Model formulation

Consider the location-scale Normal **Dirichlet Process Mixture Model* (DPMM)*: \[ f(y \mid G, \phi) = \int \textsf{N}(y \mid \theta, \sigma^2) \, \textsf{d}G(\theta,\sigma^2), \] where the mixing distribution \(G\) follows a DP process prior: \[ G \mid \alpha, \mu, \kappa, \beta \sim \textsf{DP}(\alpha, G_0 = \textsf{N}(\mu,\sigma^2/\kappa)\cdot\textsf{IG}(c,\beta)), \] with fixed \(c\).

We assume the following prior distributions: \[ \alpha \sim \textsf{G}(a_{\alpha}, b_{\alpha}),\quad \mu \sim \textsf{N}(a_{\mu}, b_{\mu}),\quad \kappa \sim \textsf{G}(a_{\kappa}, b_{\kappa}),\quad \beta \sim \textsf{G}(a_{\beta}, b_{\beta}). \]
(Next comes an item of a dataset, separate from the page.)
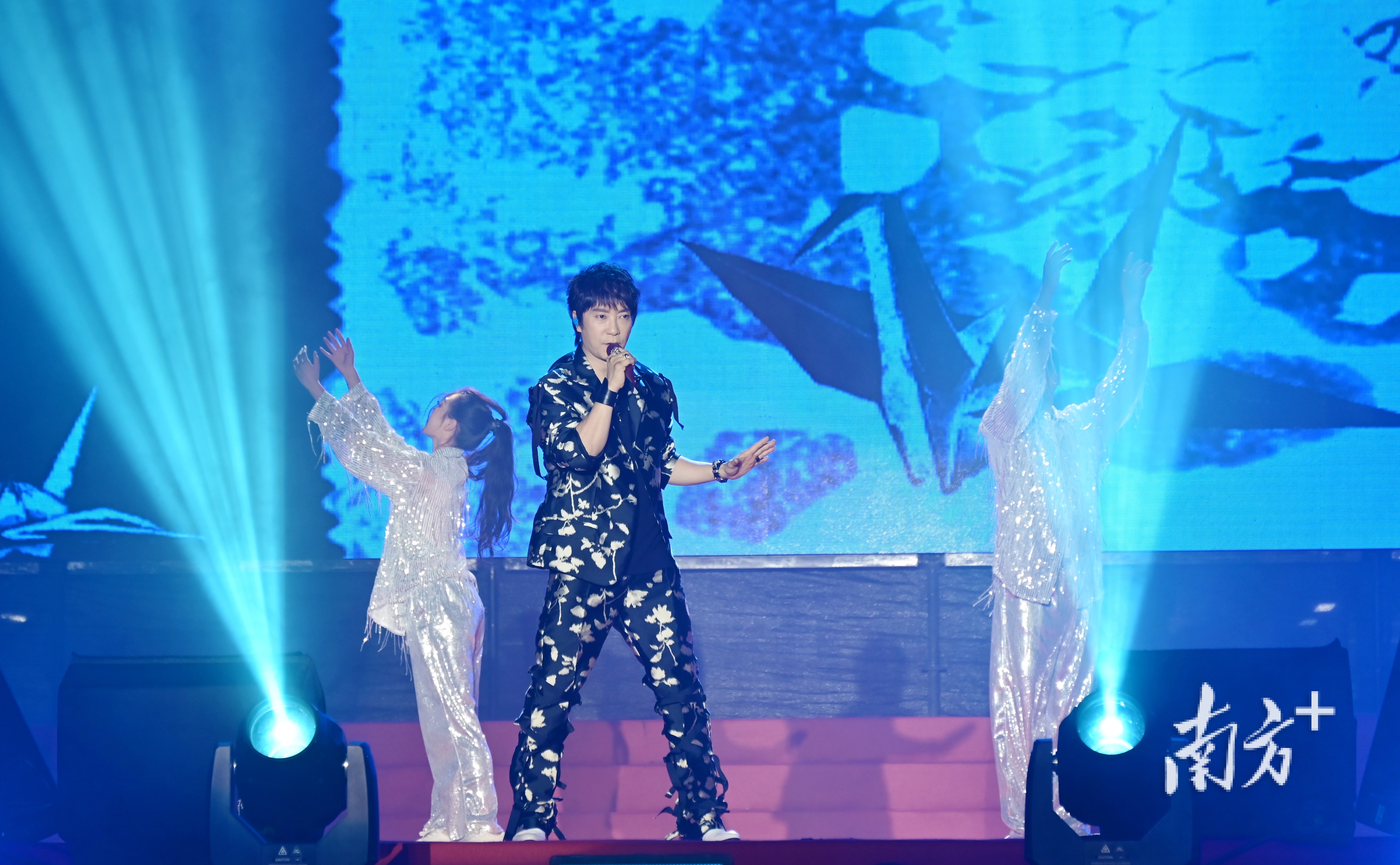 “我的心,在连州……”邰正宵即兴改编歌词,瞬间点燃了全场近万群众的热情。黄津 摄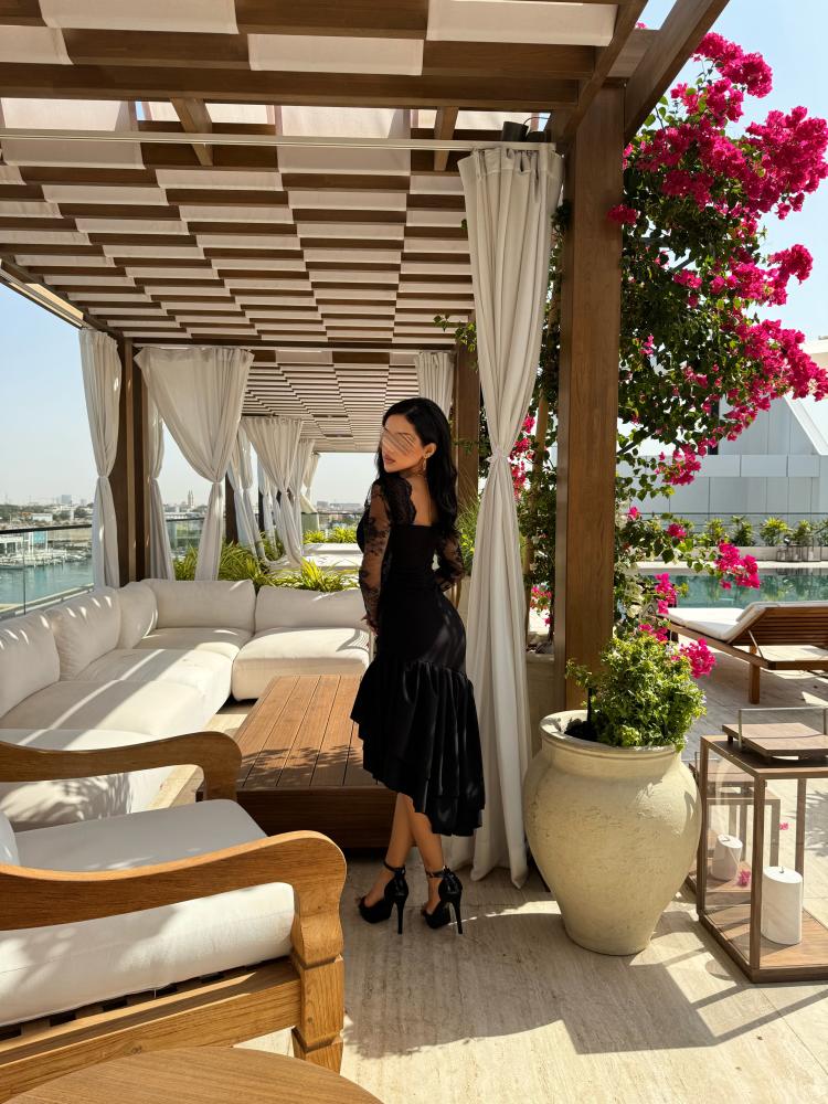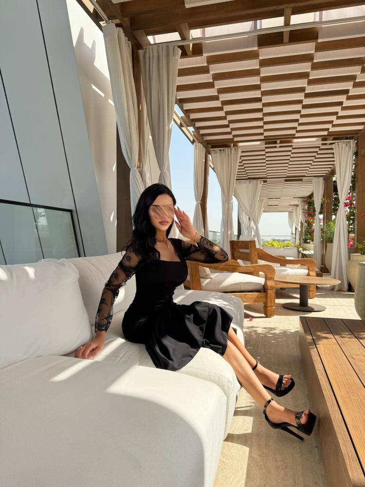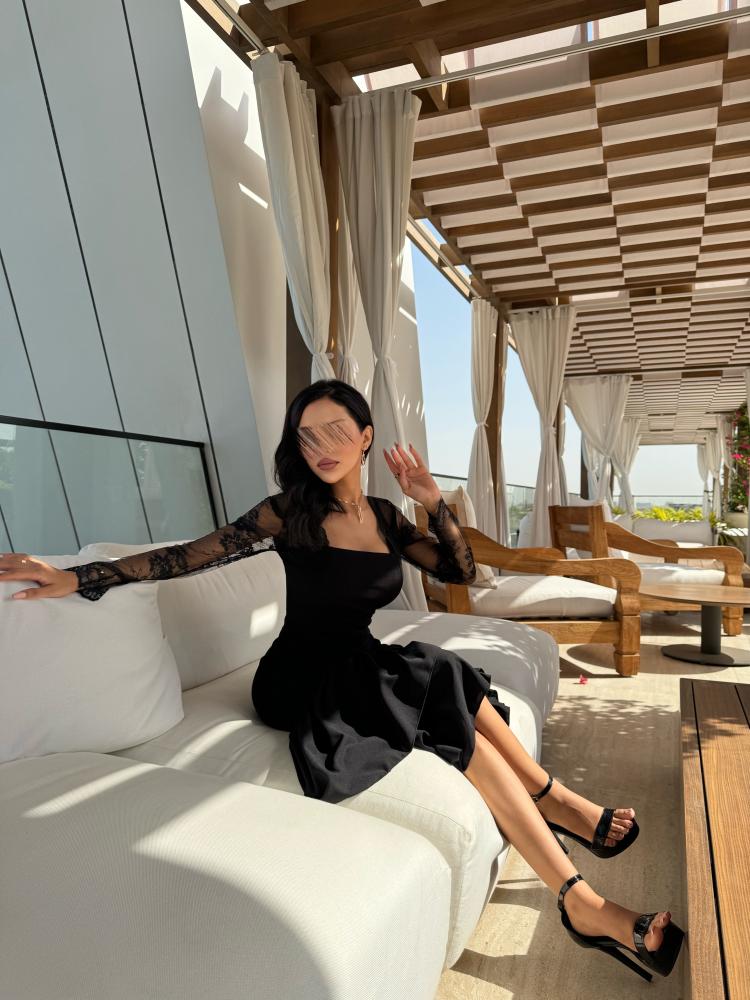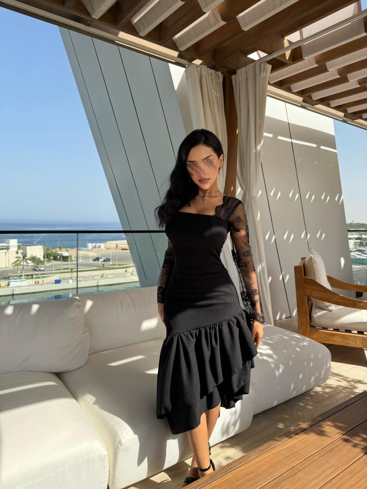 حضورك آسر مع فستان ناعم ميدي اسود صممه لكِ جميلتي متجر برستيج من الكريب باللون الأسود الفخم والفاخر مع قصة صدر مربعة وأكمام شفافة من قماش الدانتيل الأسود، وتميزي جميلتي مع التنورة المكشكشة متعددة الطبقات، لا تنتظري طويلًا اطلبيه الآن.

Thus, the hierarchical representation of this semiparametric DPMM is: \[ \begin{align*} y_i \mid \theta_i, \sigma^2 &\overset{\text{ind}}{\sim} \textsf{N}(y_i \mid \theta_i, \sigma^2_i), \qquad i = 1, \dots, n, \\ (\theta_i,\sigma^2_i) \mid G &\overset{\text{i.i.d.}}{\sim} G, \qquad i = 1, \dots, n, \\ G \mid \alpha, \mu, \kappa,\beta &\sim \textsf{DP}(\alpha, G_0 = \textsf{N}(\mu,\sigma^2/\kappa)\cdot\textsf{IG}(c,\beta)), \\ \alpha, \mu, \kappa, \beta &\sim p(\alpha) \, p(\mu) \, p(\kappa) \, p(\beta), \end{align*} \] where the independent prior distributions \(p(\alpha)\), \(p(\mu)\), \(p(\kappa)\), and \(p(\beta)\) are specified as above.
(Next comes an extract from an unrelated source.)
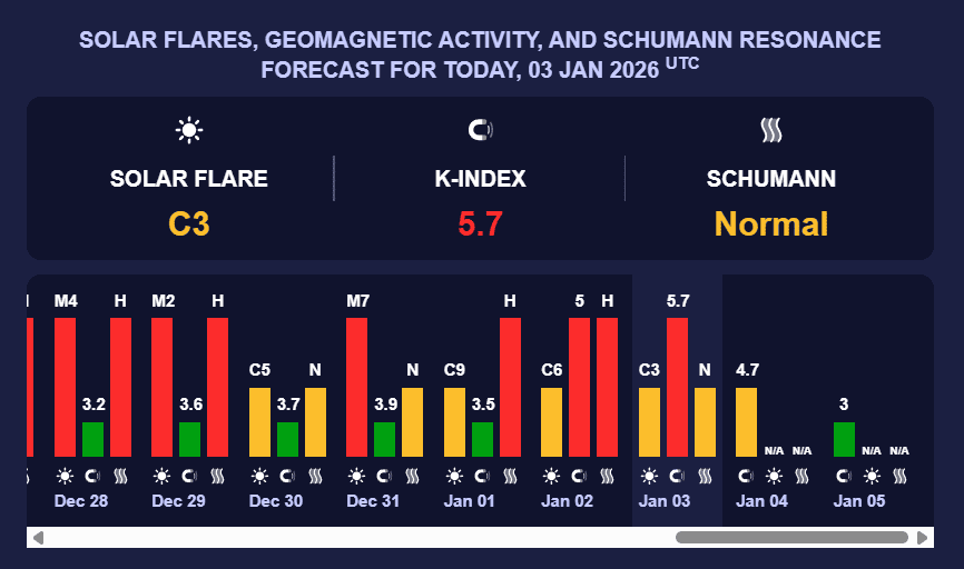 У неділю, 4 січня, активність Сонця трішки послабиться. Очікується магнітна буря з К-індексом 4,7 (жовтий рівень).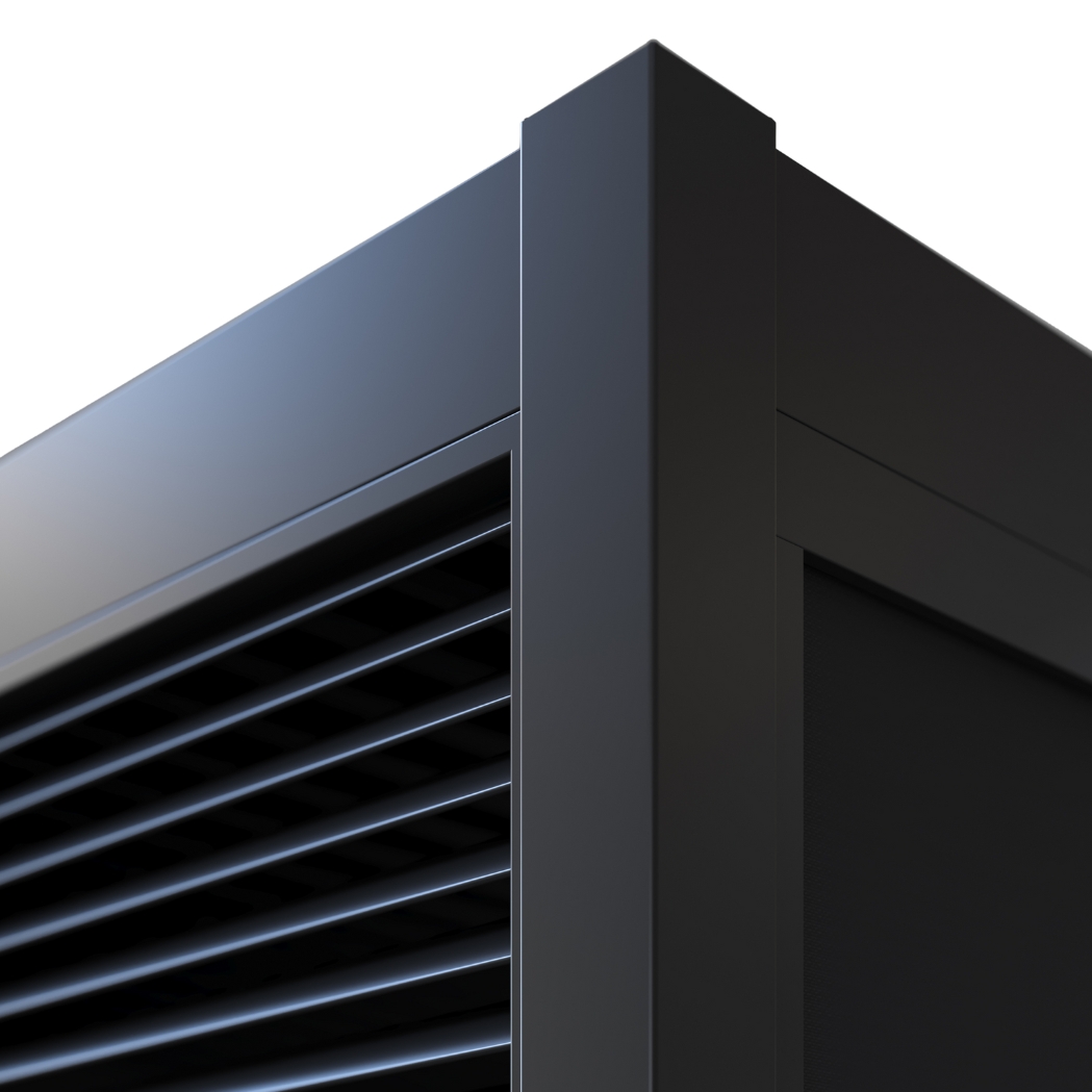 Das einzigartige, glatte Kipplamellendach verleiht der VENTARIS Pergola einen besonders hochwertigen Look. Das überarbeitete Design arbeitet mit extra hohen Balken, um technische Details wie Schienen, Schrauben oder Bolzen geschickt zu verbergen – für eine cleane, luxuriöse Optik.

To study inference under this model, we consider the galaxy dataset: velocities (km/second) for 82 galaxies, drawn from six well-separated conic sections of the Corona Borealis region.

# data
# https://rdrr.io/cran/rebmix/man/galaxy.html
data(galaxy, package = "rebmix")
y <- galaxy$Velocity

# histograma
hist(x = y, freq = F, nclass = 30, col = "lightgray", border = "lightgray", 
     xlab = "y", ylab = "Densidad", main = "Galaxy dataset")

Cluster assingment indicators

By integrating \(G\) out, the CRP formulation leads to a finite mixture model where the cluster assignments \(\xi_i\) determine which cluster each observation \(y_i\) belongs to. The model can be rewritten in a hierarchical form as follows:

Observation model: Each observation \(y_i\) follows a Normal distribution with a mean \(\vartheta_{\xi_i}\) and variance \(\varsigma^2_{\xi_i}\) corresponding to its assigned cluster: \[ y_i \mid \xi_i, \vartheta_{\xi_i}, \varsigma^2_{\xi_i} \overset{\text{ind}}{\sim} \textsf{N}(\vartheta_{\xi_i}, \varsigma^2_{\xi_i}), \quad i = 1, \dots, n. \]
Cluster assignments prior: We use the CRP prior to define the distribution of cluster assignments \(\xi_i\): \[ p(\xi_i \mid \boldsymbol{\xi}_{-i}, \alpha) = \begin{cases} \frac{n_{-i,k}}{n - 1 + \alpha}, & \text{if } \xi_i = k \qquad\quad \,\, \text{ (existing cluster)}, \\ \frac{\alpha}{n - 1 + \alpha}, & \text{if } \xi_i = K_{-i} + 1 \,\,\, \text{ (new cluster)}. \end{cases} \]
Cluster mean prior: Each cluster-specific mean and variance \((\vartheta_k,\varsigma^2_k)\) is drawn from the base measure \(G_0\), which follows a Normal-Inverse-Gamma distribution: \[ \vartheta_k \mid \varsigma^2_k, \mu, \kappa, \overset{\text{ind.}}{\sim} \textsf{N}(\mu, \varsigma^2_k/\kappa), \quad \varsigma^2_k \mid \beta \overset{\text{i.i.d.}}{\sim} \textsf{IG}(c,\beta), \quad k = 1, \dots, K. \]
Priors for model parameters: To complete the hierarchical model, we place priors on the rest of model parameters: \[ \alpha \sim \textsf{G}(a_{\alpha}, b_{\alpha}),\quad \mu \sim \textsf{N}(a_{\mu}, b_{\mu}),\quad \kappa \sim \textsf{G}(a_{\kappa}, b_{\kappa}),\quad \beta \sim \textsf{G}(a_{\beta}, b_{\beta}). \]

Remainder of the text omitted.